How Asia Buys and Pays, 2023 (Scribd Report)

What is Cash on Delivery (COD)?

At its simplest, cash on delivery (COD) is when the buyer pays for a product only when it arrives at their doorstep. Instead of paying upfront via card or e-wallet, the courier collects the payment in cash (sometimes QR Pay) and passes it back to the seller.

It’s popular with shoppers who don’t trust online payments, lack bank accounts or simply prefer to “see before they pay.” Courier companies like J&T Express, Pos Laju, Ninja Van and DHL eCommerce Malaysia all offer cash on delivery services, with varying COD charges applied per order.
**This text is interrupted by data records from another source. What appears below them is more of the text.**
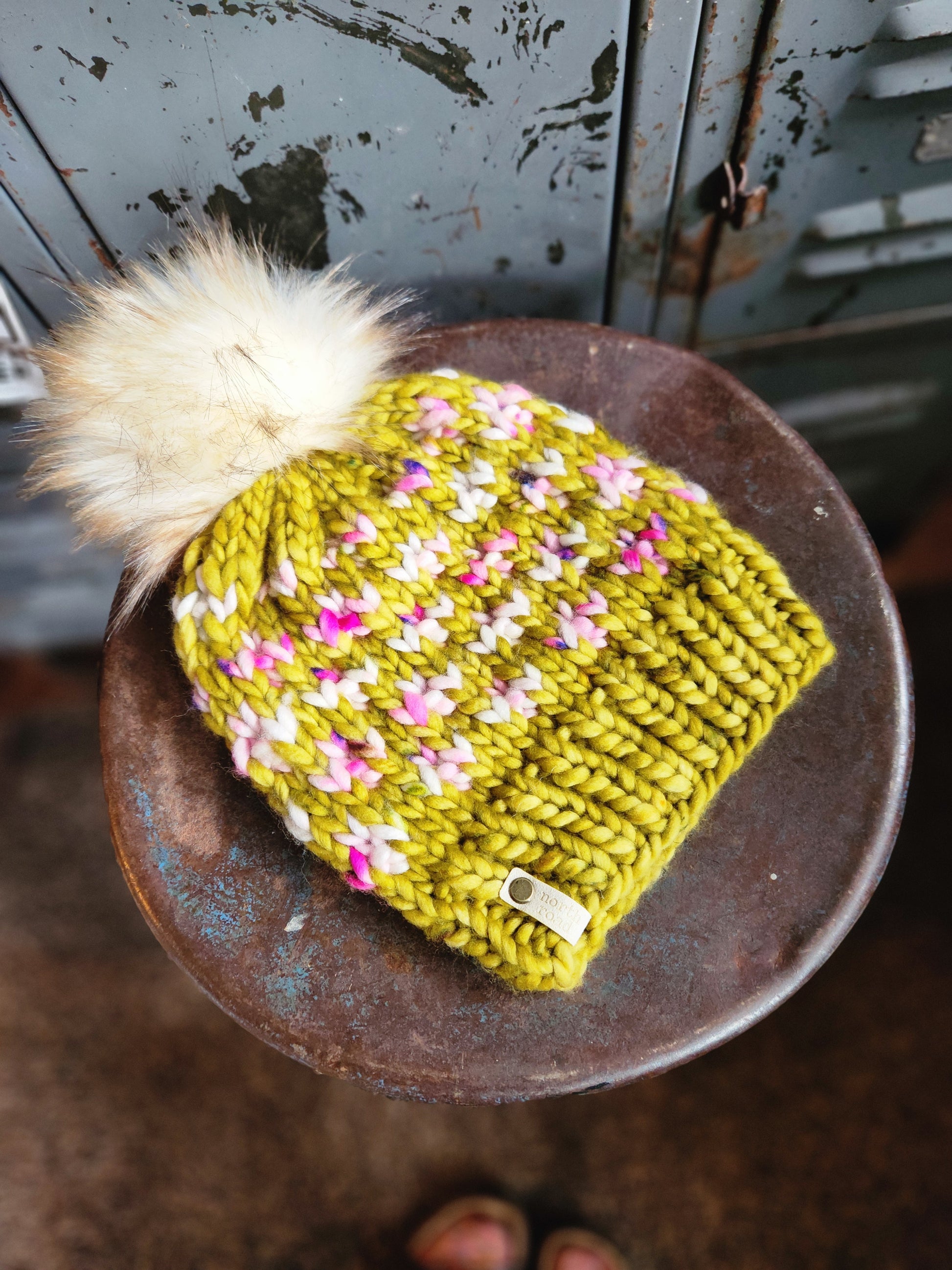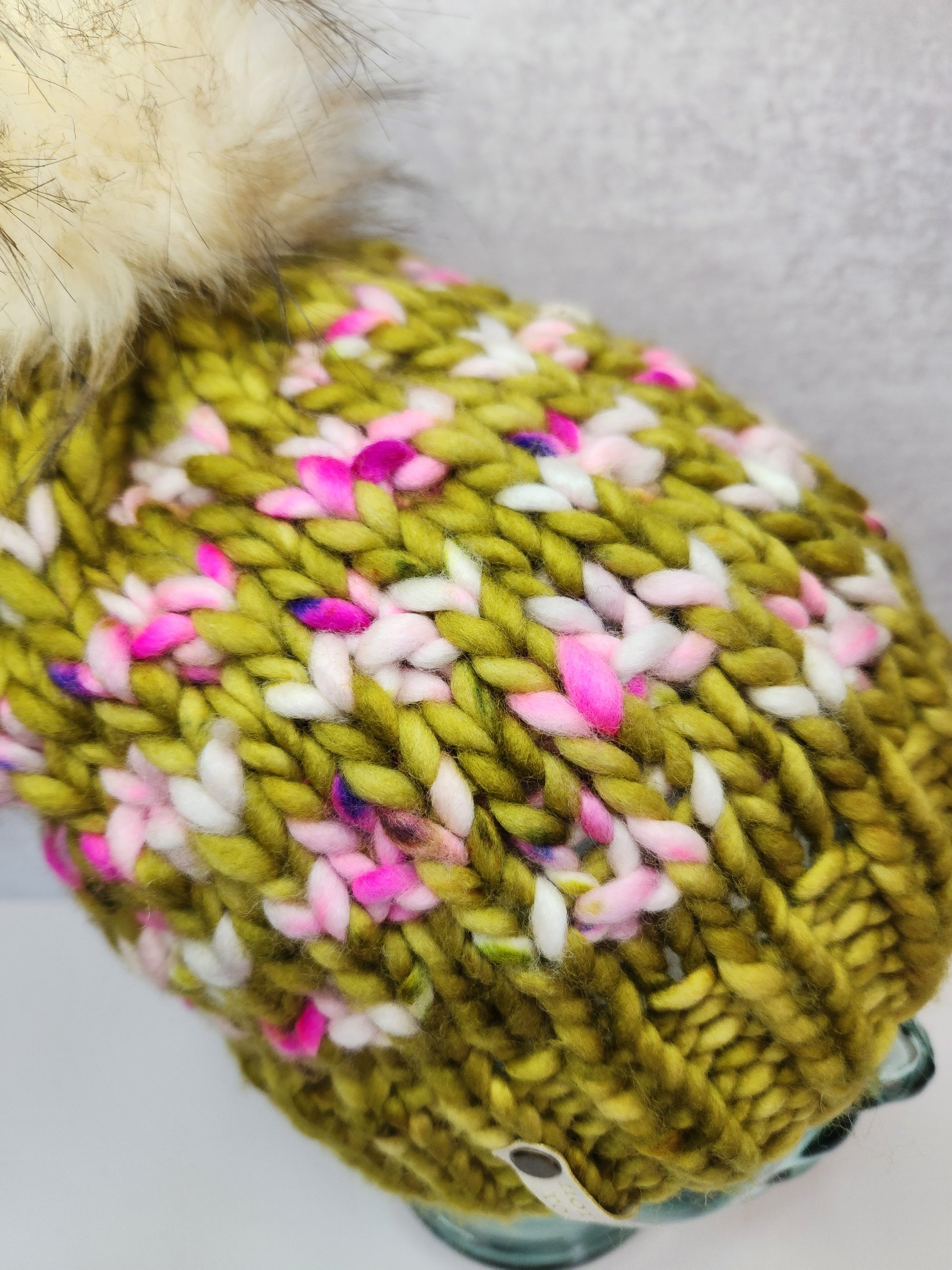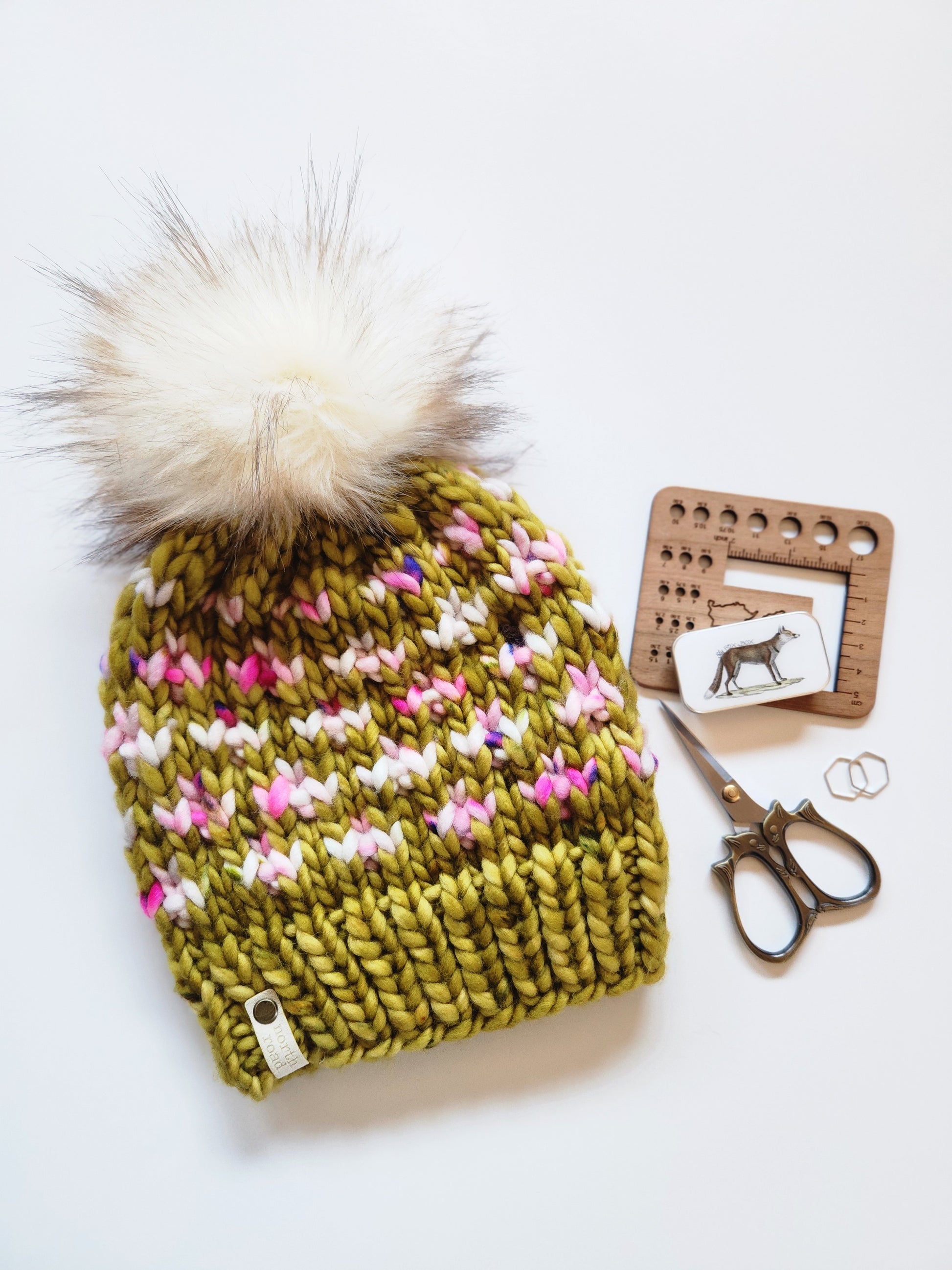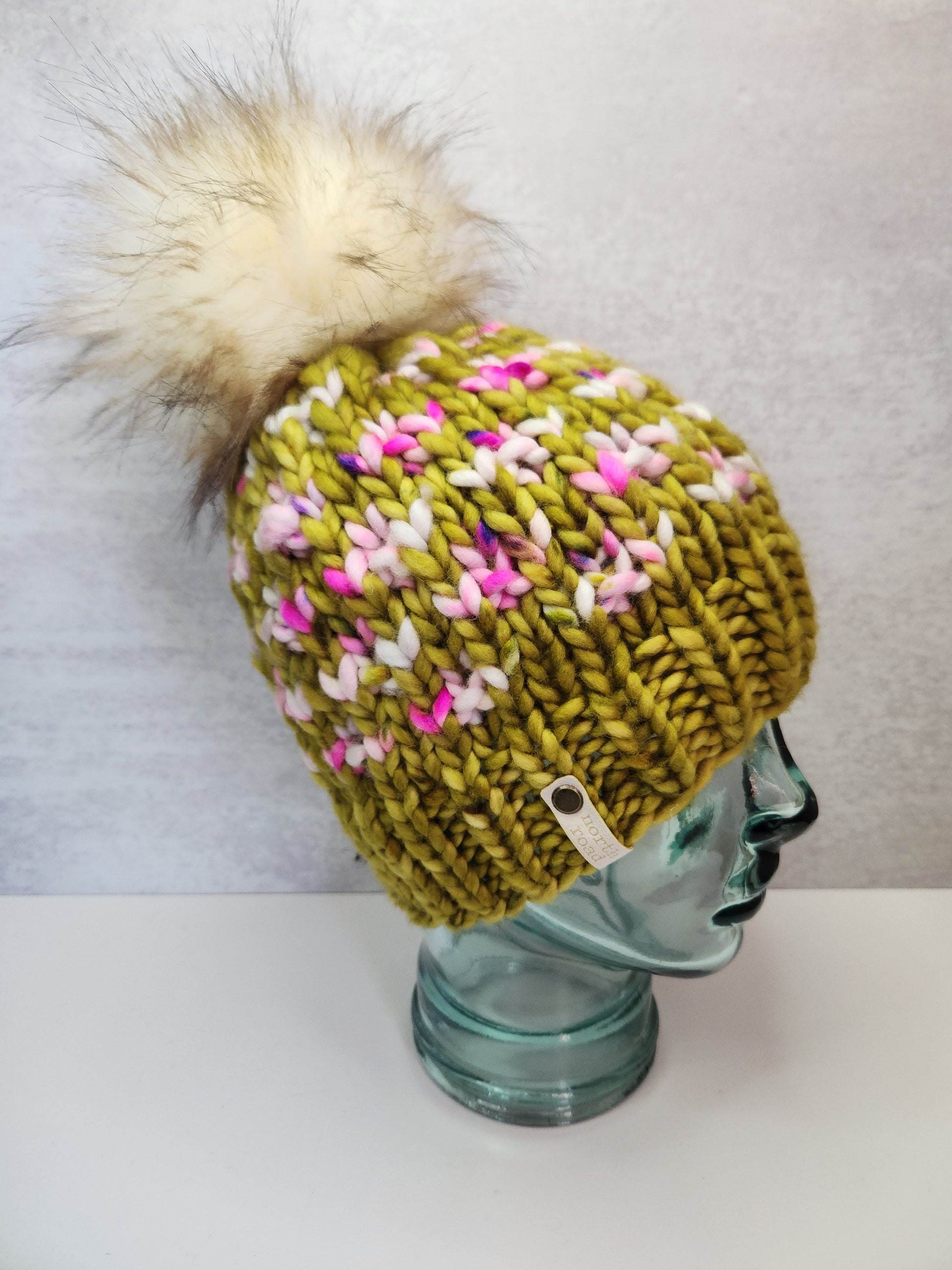 The hat is made from a beautiful 100% merino wool yarn that is sustainably and ethically sourced, and hand dyed. Fits most average adult heads. Shown here on a glass mannequin head that measures 22" in circumference.
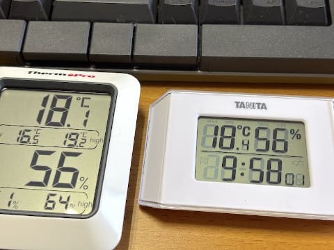 それまで自室で使っていた湿度計は、ThermoPro製。2019年10月に購入した記録があるので、まる6年経過したことになります。新しく買った湿度計と比べれば、どのぐらい狂っているかわかるぞと並べてみました。
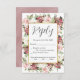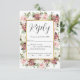 Envie aos hóspedes uma bela solicitação de RSVP com esta placa de cor d'água apresentando flores cor-de-rosa e verdes em um quadro dourado. Uma adição elegante à sua suíte de papelaria de casamento.

Why Some Malaysians Still Choose COD

Despite the surge of FPX, e-wallets and Buy Now Pay Later services, cash on delivery (COD) continues to thrive in Malaysia. According to ParcelDaily (2024), COD still accounts for more than 40% of ecommerce orders nationwide, particularly in high-demand categories like fashion, beauty and gadgets. The question is, why do Malaysians still prefer it?

1. Trust over technology

First, trust plays a huge role. Many shoppers, especially when dealing with new or lesser-known online stores, are hesitant to pay upfront. COD gives them peace of mind because they only hand over money once the item is in their hands. 

2. Accessibility for all

Secondly, accessibility remains a barrier. According to PwC Malaysia (2024), citing Bank Negara Malaysia data, about 15% of the 23 million adult population in Malaysia are still unbanked, while another 40% are underbanked, with many concentrated in semi-urban and rural areas. For these customers, COD is often the only practical payment method.

3. Habit and convenience

Another reason is habit and convenience. Malaysian consumers are used to the flexibility of COD and many prefer it for small, everyday purchases where digital wallets or cards feel unnecessary. Today, COD has also evolved. Some couriers now pair it with QR Pay and e-wallet integrations, reducing the risks of handling physical cash while keeping the experience familiar.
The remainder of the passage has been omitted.